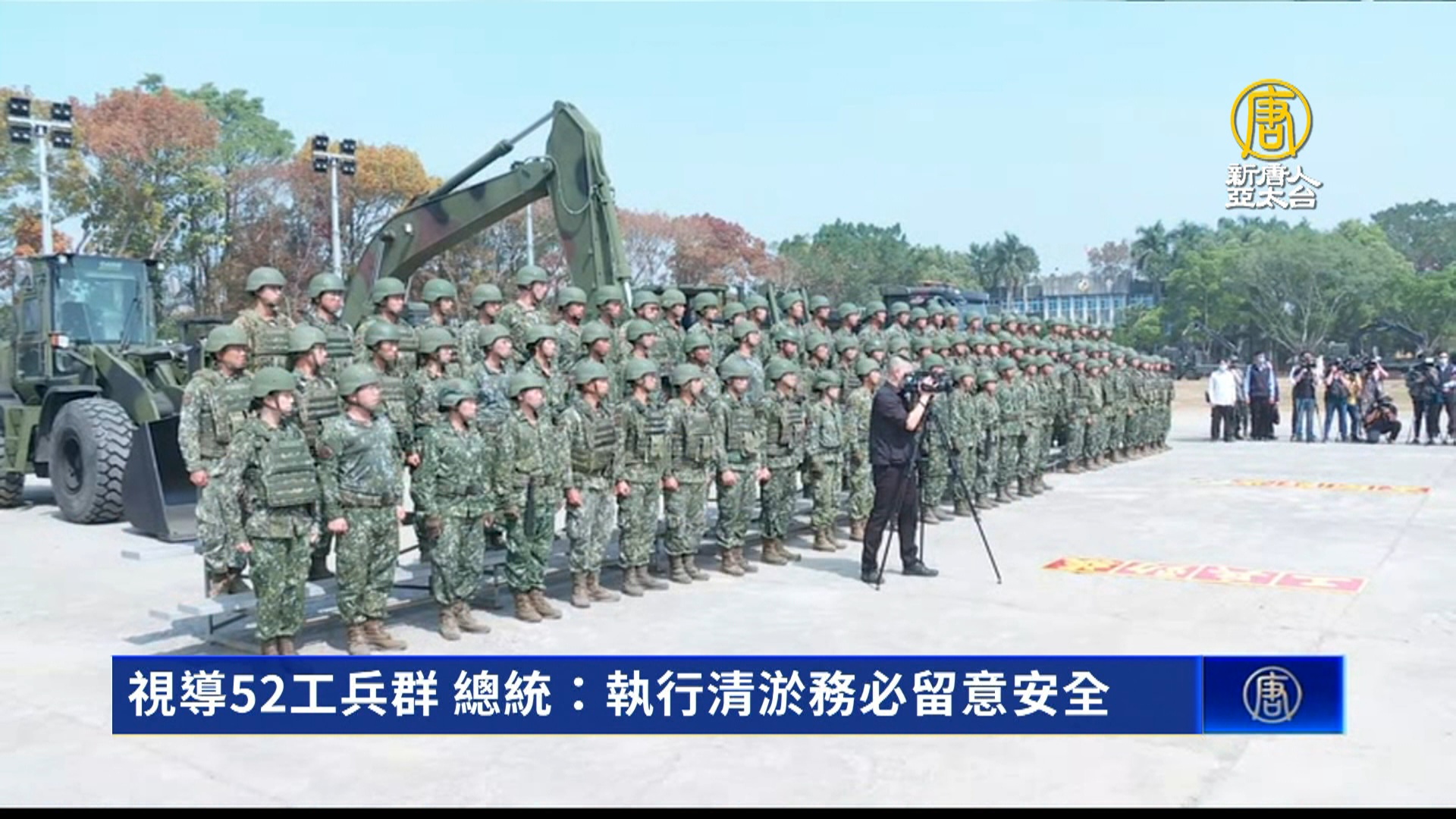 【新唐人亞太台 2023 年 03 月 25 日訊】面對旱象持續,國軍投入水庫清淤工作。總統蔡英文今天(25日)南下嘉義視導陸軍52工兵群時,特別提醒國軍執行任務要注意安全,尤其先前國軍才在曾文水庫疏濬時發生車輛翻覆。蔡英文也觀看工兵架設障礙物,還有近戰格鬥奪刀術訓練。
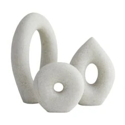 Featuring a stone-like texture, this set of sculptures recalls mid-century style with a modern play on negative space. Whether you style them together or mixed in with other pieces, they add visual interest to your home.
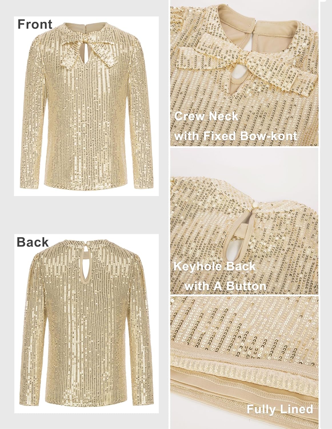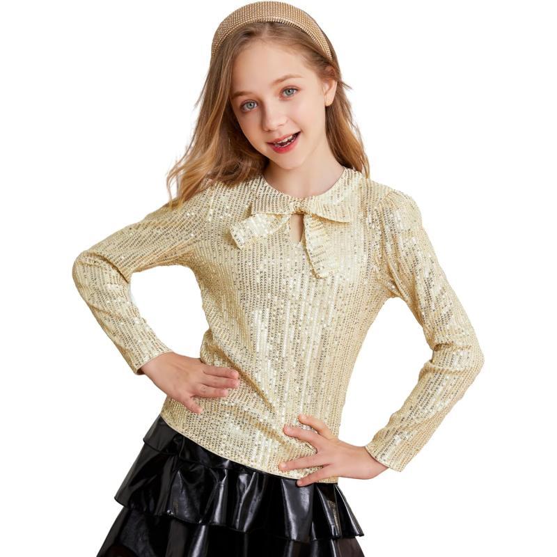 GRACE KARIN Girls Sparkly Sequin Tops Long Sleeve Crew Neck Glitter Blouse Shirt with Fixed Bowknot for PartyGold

* * *

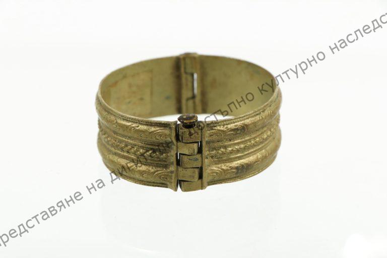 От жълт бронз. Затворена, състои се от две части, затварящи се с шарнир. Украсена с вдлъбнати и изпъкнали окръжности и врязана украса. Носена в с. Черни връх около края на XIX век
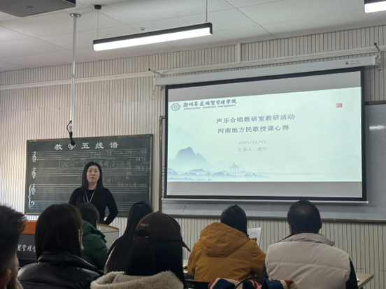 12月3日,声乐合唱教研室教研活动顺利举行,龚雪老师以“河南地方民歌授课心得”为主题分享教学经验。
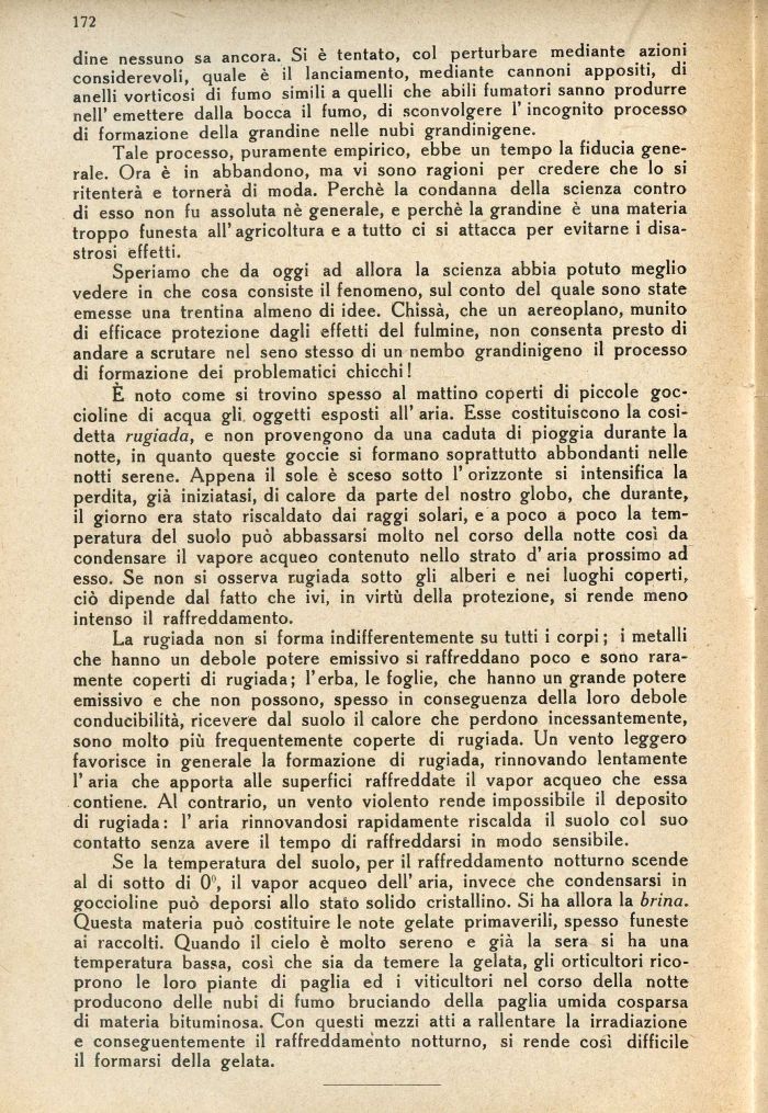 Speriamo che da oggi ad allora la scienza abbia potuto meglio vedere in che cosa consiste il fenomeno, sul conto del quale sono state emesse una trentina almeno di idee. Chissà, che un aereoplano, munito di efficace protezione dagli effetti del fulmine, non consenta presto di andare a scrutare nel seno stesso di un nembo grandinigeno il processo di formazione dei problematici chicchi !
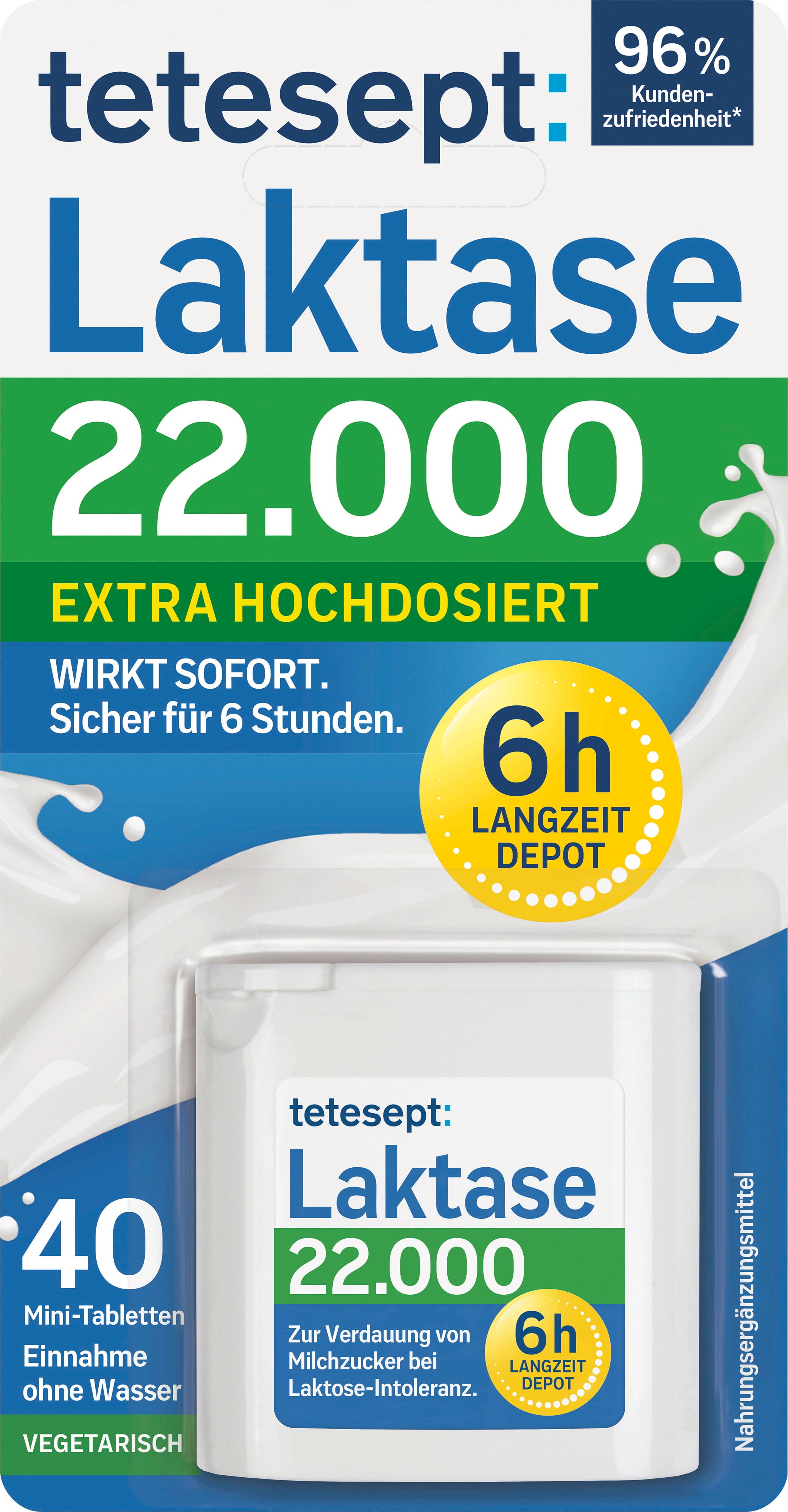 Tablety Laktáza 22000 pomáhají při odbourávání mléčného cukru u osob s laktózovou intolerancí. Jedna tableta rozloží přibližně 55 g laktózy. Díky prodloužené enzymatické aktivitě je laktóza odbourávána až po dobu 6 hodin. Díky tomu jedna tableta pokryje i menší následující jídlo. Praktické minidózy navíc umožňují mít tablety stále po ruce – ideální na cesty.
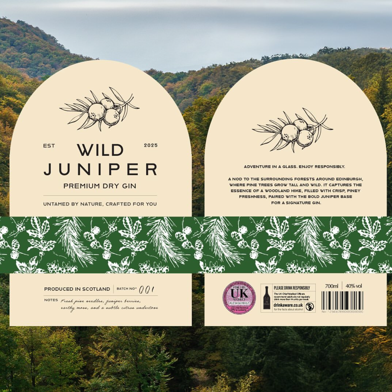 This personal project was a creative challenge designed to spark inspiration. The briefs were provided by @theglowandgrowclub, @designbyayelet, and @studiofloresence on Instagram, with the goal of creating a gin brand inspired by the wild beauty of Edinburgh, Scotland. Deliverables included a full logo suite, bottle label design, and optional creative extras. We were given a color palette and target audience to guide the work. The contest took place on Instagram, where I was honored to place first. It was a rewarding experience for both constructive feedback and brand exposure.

* * *

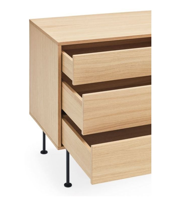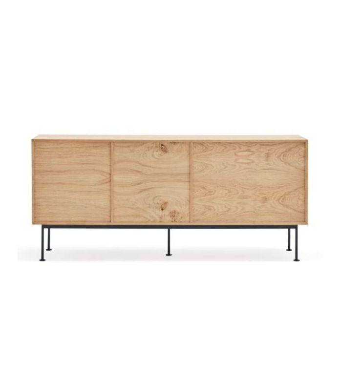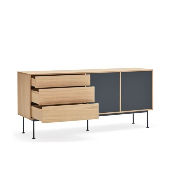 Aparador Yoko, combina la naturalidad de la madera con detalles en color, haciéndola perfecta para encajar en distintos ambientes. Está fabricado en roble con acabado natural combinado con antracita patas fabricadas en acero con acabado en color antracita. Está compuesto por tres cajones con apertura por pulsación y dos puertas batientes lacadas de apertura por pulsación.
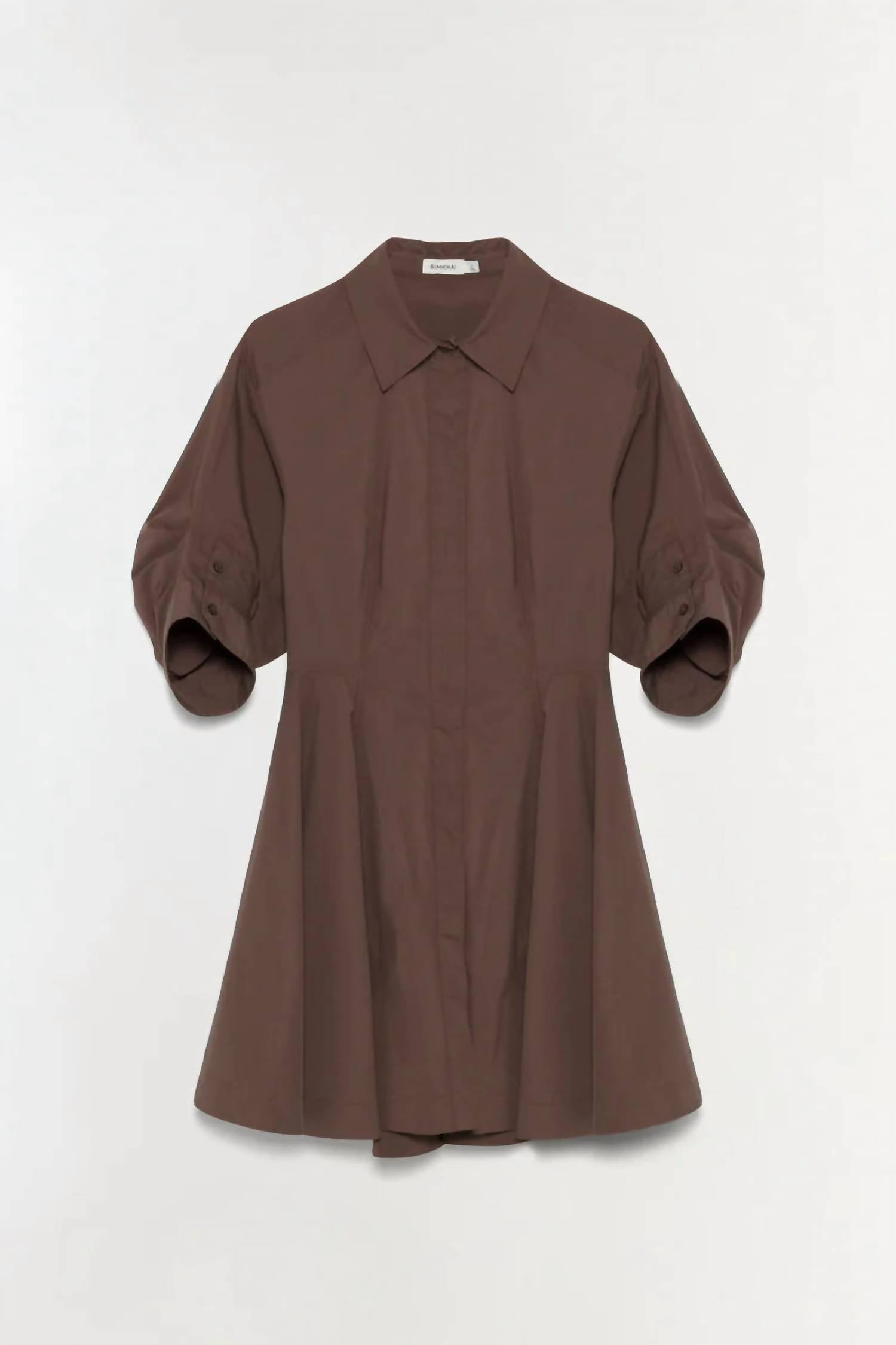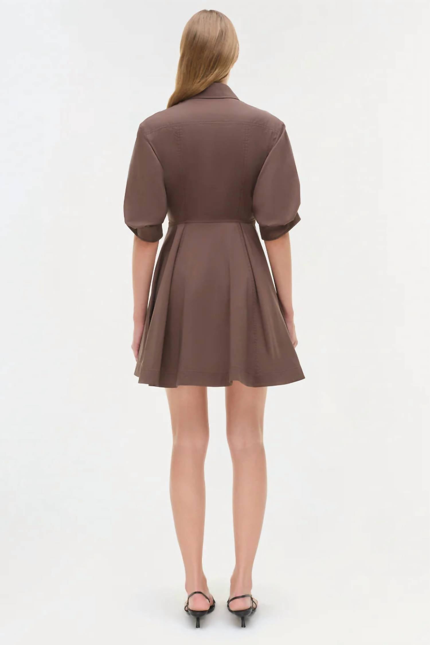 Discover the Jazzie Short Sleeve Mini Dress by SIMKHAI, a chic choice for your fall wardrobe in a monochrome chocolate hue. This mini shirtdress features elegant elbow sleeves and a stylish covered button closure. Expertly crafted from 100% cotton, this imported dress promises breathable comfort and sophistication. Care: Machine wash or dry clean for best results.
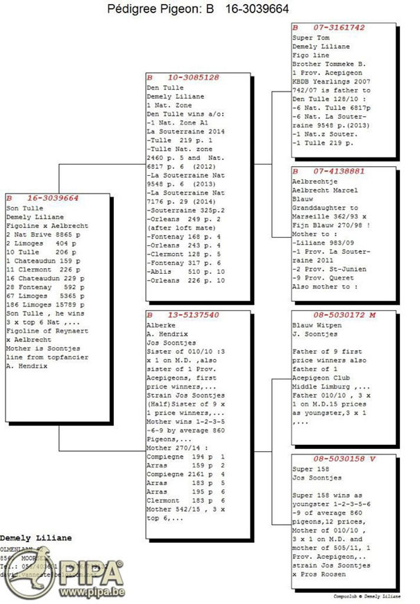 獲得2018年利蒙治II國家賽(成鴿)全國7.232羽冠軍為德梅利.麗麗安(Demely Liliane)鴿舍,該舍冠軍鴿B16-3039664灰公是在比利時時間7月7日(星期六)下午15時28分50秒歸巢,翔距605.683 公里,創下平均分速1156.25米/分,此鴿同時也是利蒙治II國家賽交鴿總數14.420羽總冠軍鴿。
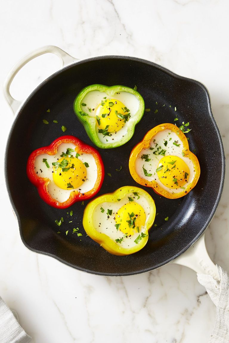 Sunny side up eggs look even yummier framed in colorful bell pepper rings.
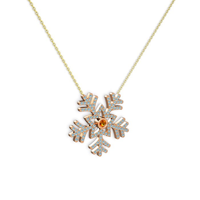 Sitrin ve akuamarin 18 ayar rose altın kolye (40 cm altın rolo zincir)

> _Work to be completed_:
Only one stretch of the listing above is to be duplicated: the lines from the one containing "2023 年 03 月" through the one containing "GRACE KARIN Girls", both included. Copy them exactly, minus the pictures.

> _The completed task_:
 【新唐人亞太台 2023 年 03 月 25 日訊】面對旱象持續,國軍投入水庫清淤工作。總統蔡英文今天(25日)南下嘉義視導陸軍52工兵群時,特別提醒國軍執行任務要注意安全,尤其先前國軍才在曾文水庫疏濬時發生車輛翻覆。蔡英文也觀看工兵架設障礙物,還有近戰格鬥奪刀術訓練。
 Featuring a stone-like texture, this set of sculptures recalls mid-century style with a modern play on negative space. Whether you style them together or mixed in with other pieces, they add visual interest to your home.
 GRACE KARIN Girls Sparkly Sequin Tops Long Sleeve Crew Neck Glitter Blouse Shirt with Fixed Bowknot for PartyGold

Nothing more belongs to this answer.